Even though plans may get canceled, don’t dwell on what could have been. Here’s an opportunity to plant a growth mindset by coming up with an alternate.

  • Involve your kids in the conversation. For families with very young kids, do the planning yourself, but let the kids know why you made the choices you did. Are there habits and skills you hope to see them develop, or interests they already have you want to help them pursue? Exploring an interest your kid already has can ignite a passion that’s an important first step in discovering their sense of purpose and identity.
  • Consider the non-negotiables. What are those things that cannot be changed? Your work schedule? The family budget? Obligations to other family members? How do these work into your alternate plan? Is there any room for compromise?
  • Identify your options. You can develop a potentially endless list of options to replace your original plan. Some may even be more exciting alternatives you might not have considered previously.
  • Recognize what you can’t do. Be nimble and don’t over-promise. Always keep an eye on the future: if not now, maybe we can do this later. 
  • Focus on your ultimate goal. When you drew up your first plans, what was your hope for your time together? How can you still achieve that goal? 

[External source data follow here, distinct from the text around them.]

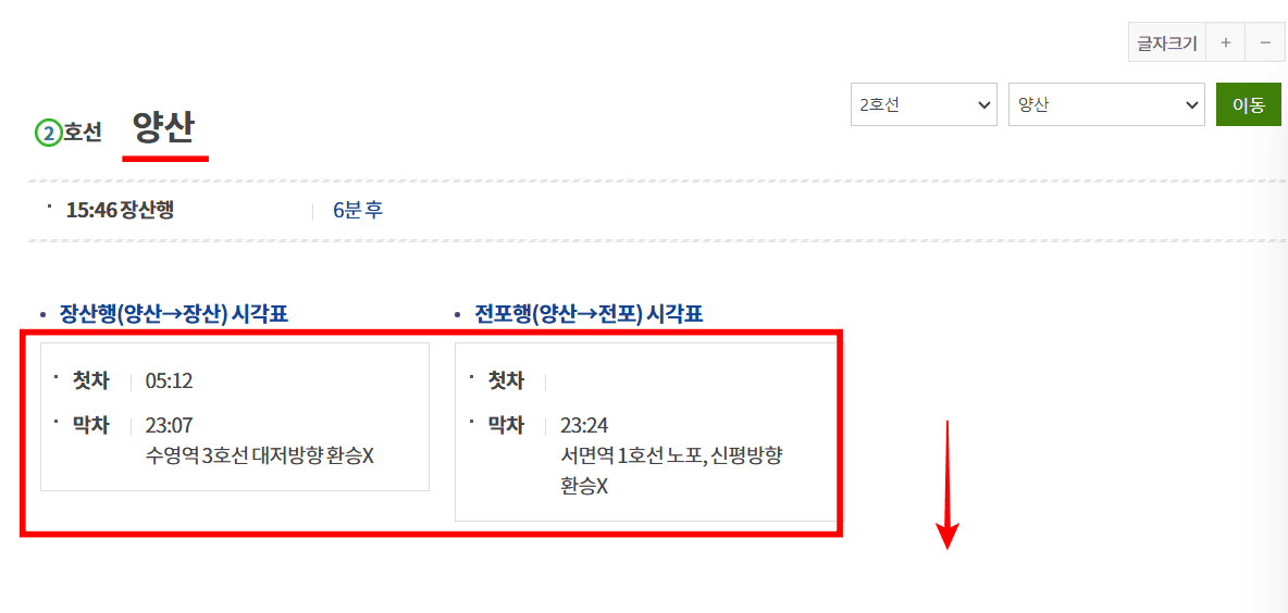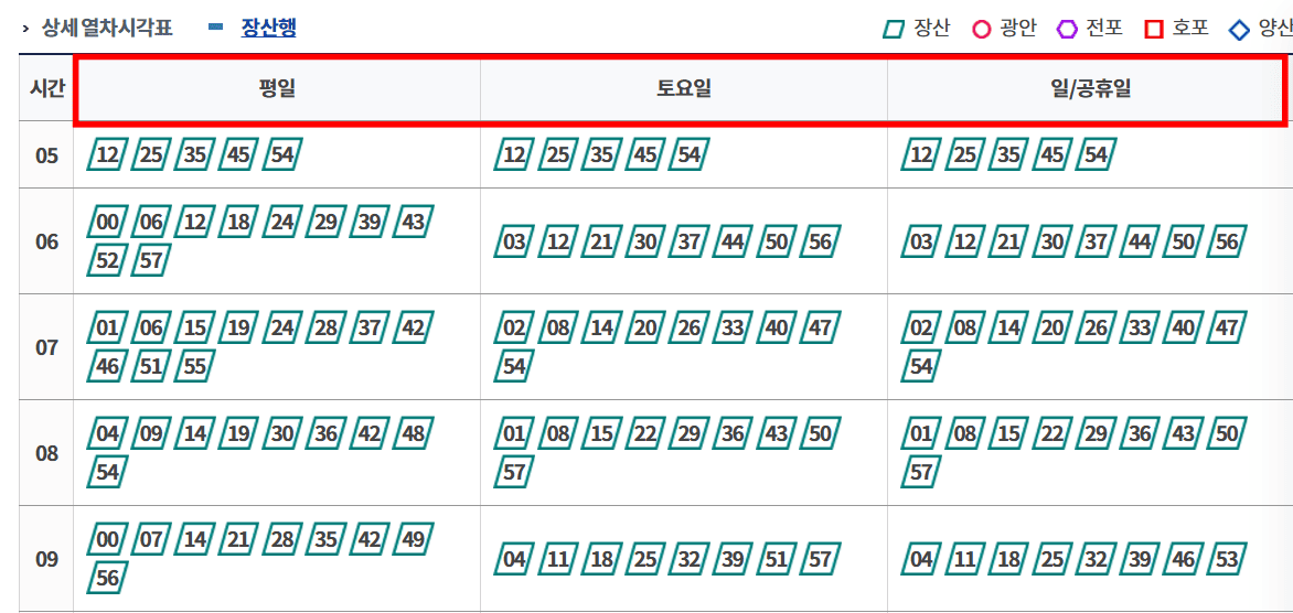 양산역의 시간표를 확인하니 장산행의 첫차와 막차 시간, 전포행의 첫차와 막차 시간을 확인할 수 있었습니다. 스크롤을 내려보면 평일과 토요일, 일요일 및 공휴일의 상세열차 시각표도 확인할 수 있으니 직접 조회해 보시기 바랍니다.
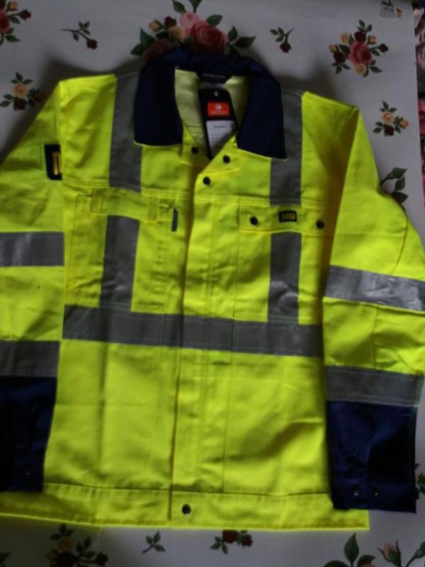 Нова сигнальна спец-куртка фірми KHAN. Кнопки і блискавка робочі.Є світловідбивні смуги.Розмір 48.Плечі 49см ПОГ 60см. Довжина рукава 63см Довжина від плеча 67см Довжина від підмишок 43см. Має глибокі кармани. Склад 55% бавовна,45%polyester. Оплата на карту приват банку. Відправка укрпоштою або новою поштою.
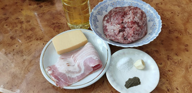 В фарш добавила мелко порезанный бекон, сыр, натертый на мелкой тёрке, масло растительное, соль,перец и хорошо перемешала.
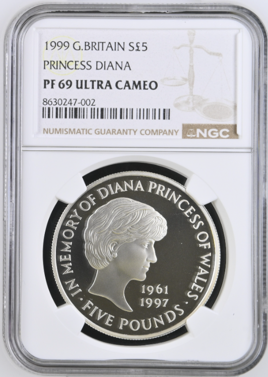 NGC鑑定済み、PF69 ULTRA CAMEO 1999年発行のダイアナ元妃追悼 5ポンド銀貨です。
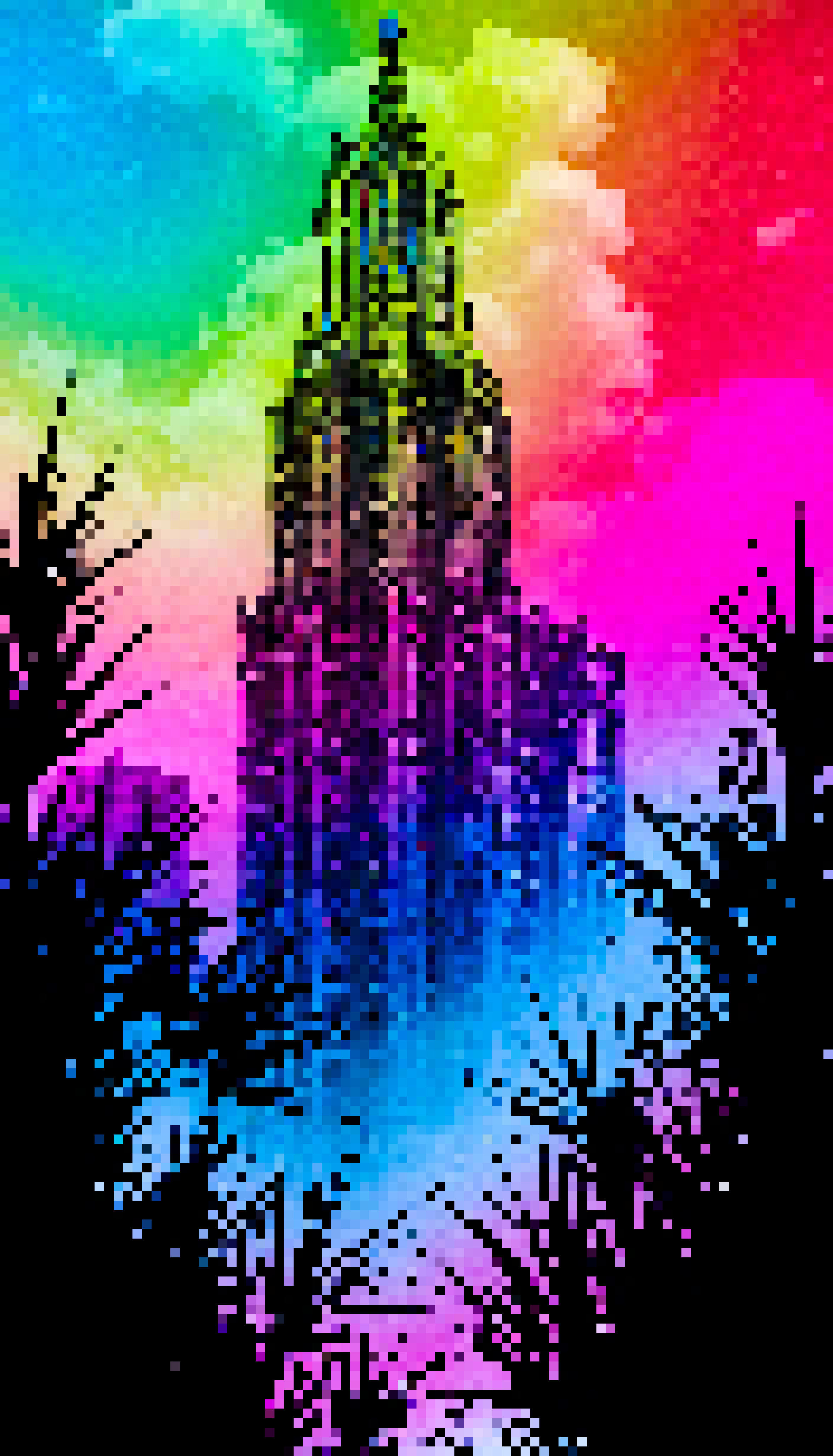 The image is a composite of two photographs placed one above the other with a horizontal line dividing them. The upper photograph displays a vibrant and colorful cityscape at night. Dominating the skyline is a towering gothic-style cathedral bathed in a kaleidoscope of light from a rainbow of colors that includes yellows greens reds blues purples pinks and oranges. In the foreground there is a lush expanse of tropical vegetation including palm fronds under which the cathedral appears to be hidden due to the foliage.
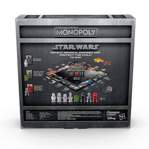 Imagina estar en una peligrosa galaxia donde los Enemigos Imperiales amenazan la integridad de Grogu. En el juego de mesa Monopoly: Star Wars The Mandalorian, inspirado en la segunda temporada de la serie, los jugadores pueden jugar como el Mandaloriano, Bo-Katan Kryze, Ahsoka Tano o Boba Fett. Conseguir el token de Grogu permite a los jugadores utilizar sus poderes especiales, y la habilidad especial de su personaje cuando el peligro acecha. Compra escondites, gana batallas y créditos imperiales. El jugador con más créditos imperiales será el ganador, pero ¡cuidado! Si un enemigo imperial atrapa a Grogu, ¡la partida se acaba para todos!
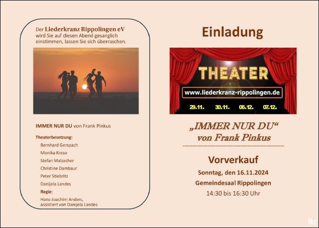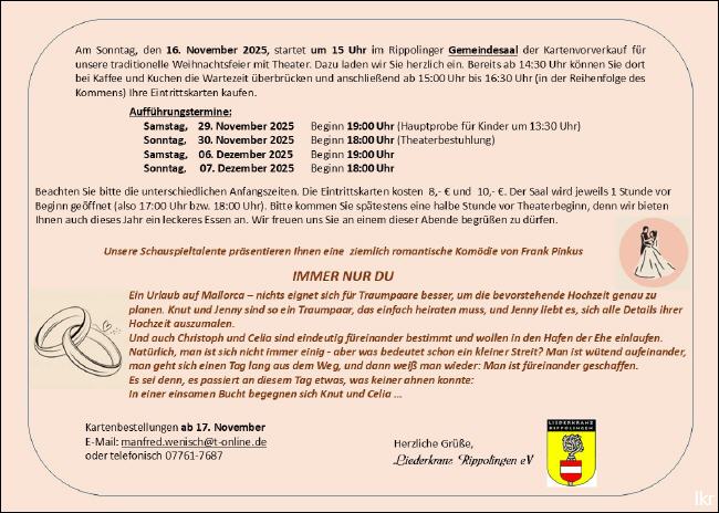 Vorverkauf: 16.11.2025 von 14:30 Uhr bis 16:30 Uhr im Rippolinger Gemeindesaal

Keeping your ultimate goal front of mind will help you to land on the best alternative when life throws you a curveball.

Five Steps to Building a New Habit
  1. Working on one habit at a time will prevent you from depleting your resources of willpower and increase the odds of success.
  2. Make a daily commitment. Instill the habit into your life so that it becomes routine by committing to it daily.
  3. Take small steps to turn a habit into automatic behavior. This micro-commitment should be easy to maintain so that you stay consistent.
  4. Create accountability. This is an opportunity to model habit building for your kid.
  5. Make it a part of your core identity. Build a lasting habit by making it a reflection of who you are on the inside.